Post dragged down by a broader market pullback and continued adjusted volume declines in Q4 (POST)
Consumer packaged goods maker Post (POST -2%), which derives most of its revenue through cereal and pet food, quickly went stale today despite surpassing top and bottom-line forecasts in Q4 (Sep). Shares did initially creep higher on energetic Q4 numbers. However, enthusiasm quickly diminished out of the gate today.
A broader market pullback is one factor weighing on the stock. Another factor is the constant adjusted volume declines across most of POST's segments during the quarter, which may be starting to test investors' patience. When excluding one-time benefits, most segments outside Foodservice saw yr/yr volume compression almost every quarter in FY24.
However, this may not be entirely surprising, as management has conveyed that it focuses more on EBITDA and capital allocation. Still, POST cannot sustain persistent volume declines over the long term.
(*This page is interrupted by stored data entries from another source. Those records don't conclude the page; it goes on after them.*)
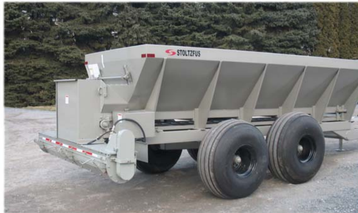
Model SSOT 1516
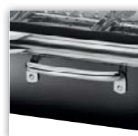
Ovenproof All-metal handles.
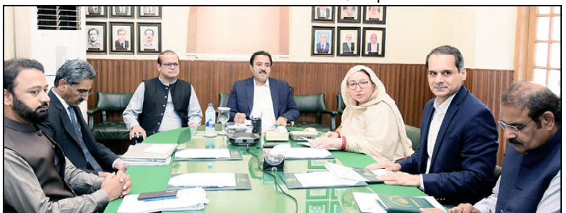
LAHORE: Punjab Minister for Local Government Zeeshan Rafique presides over the briefing session of Cooperatives Department. MNA Armaghan Subhani is also present.

RAWALPINDI (APP): Over 931 Traffic Wardens under the supervision of inspectors and DSPs would perform duties on city roads to control traffic flow during Muharram. According to a City Traffic Officer (CTO), Rawalpindi Tamoor Khan, Traffic Police Officers, and Wardens have also been directed to take action against vehicles having tinted glasses, revolving lights, unregistered vehicles and motorcycles and others moving without improper and fake number plates. In order to ensure the security of the mourning processions during Muharram-ul-Haram, the City Traffic Police (CTP) Rawalpindi has issued a comprehensive traffic plan. According to the plan, there would be a complete ban on parking any vehicle or pushcart on the route of the procession. Fork lifters would move with unregistered vehicles and
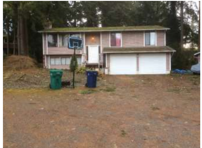
Grade 7/ Year Built 1978/ Total Living Area 2,020sf
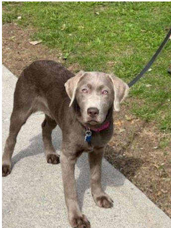
Luna, the Watertown Police Department's new therapy dog, is home after four weeks of training. After a two-week break, she heads back to school for three more weeks of training. Once she graduates, she'll officially be on the job!
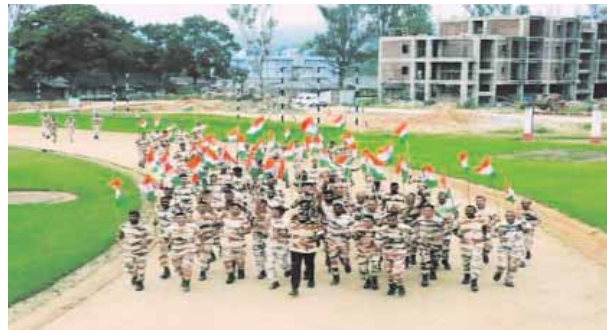
ITBP hoists national flag at high altitude borders as part of 'Har Ghar Tiranga' campaign

The company noted today that it will continue to aggressively manage its lower margin businesses and not worry about volume reduction, expressing confidence that trends will start to rebound over time as it optimizes its footprint.
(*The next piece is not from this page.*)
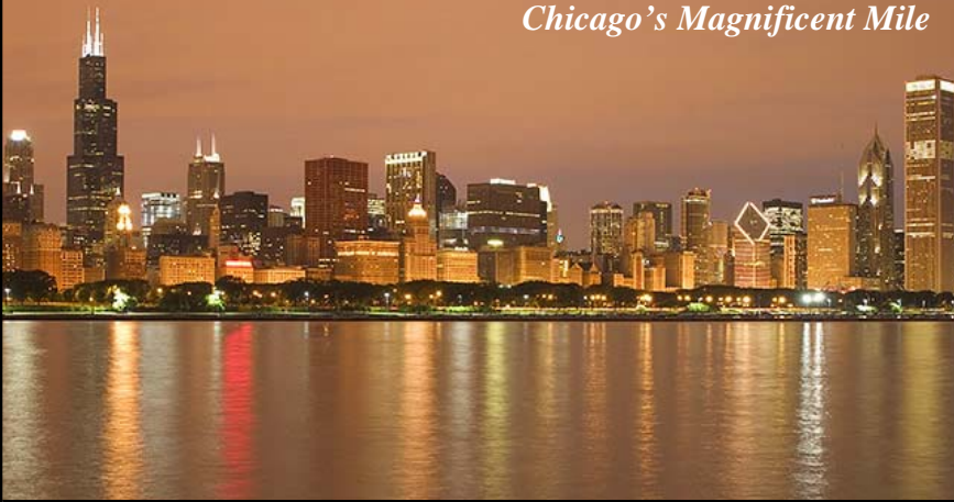
Chicago's Magnificent Mile

- POST's profitability and capital allocation strategy continue to bear fruit. In Q4, the company registered its eighth straight quarter of double-digit earnings upside. While adjusted EBITDA did remain flat yr/yr in Q4, on a two-year stack, POST has delivered a 45% uptick in the metric, half resulting from organic growth and the other half from acquisitions. POST has leveraged these gains into robust free cash flow, generating around $1.0 bln over that timeframe, giving POST the capacity to target M&A opportunities.
- M&A has been vital to POST's steady yr/yr revenue growth over the past two quarters despite lapping periods of over +20% growth. In Q4, sales inched 3.3% higher yr/yr to $2.01 bln. Post Consumer Brands, comprised of cereal and pet food, grew by 3.9% to $1.05 bln due to POST's $235 mln acquisition of Perfection Pet Foods, which kept revs from slipping by 2.7%. This dynamic was prevalent in Weetabix, POST's U.K. banner, which recorded positive growth due to its Deeside purchase and FX benefits.
- In Refrigerated Retail, which includes side dishes, egg, cheese, and sausage products, sales fell by 2.9%. However, the segment delivered a 0.7% volume bump, aided by side dishes and sausage growth.
- Foodservice was the star in Q4, touting a 4.7% sales improvement on a 3.6% uptick in volumes, driven by distribution gains in eggs and potatoes. This segment has been a steady grower for POST throughout the year, and management expects this to carry through to FY25. Speaking of which, POST outlined its adjusted EBITDA goal for FY25, projecting $1.41-1.46 bln, a 2.3% improvement yr/yr.
POST's Q4 report reflected management's attention to enhancing profitability, controlling what it can in a challenged economic environment where restaurant traffic continues to pull back and inflation still hurts the end consumer. Without a more favorable demand backdrop, POST's adjusted revenue growth may stall over the near term. However, the company has done a solid job preserving margins and bolstering its balance sheet, providing the fuel needed to navigate a tricky economy.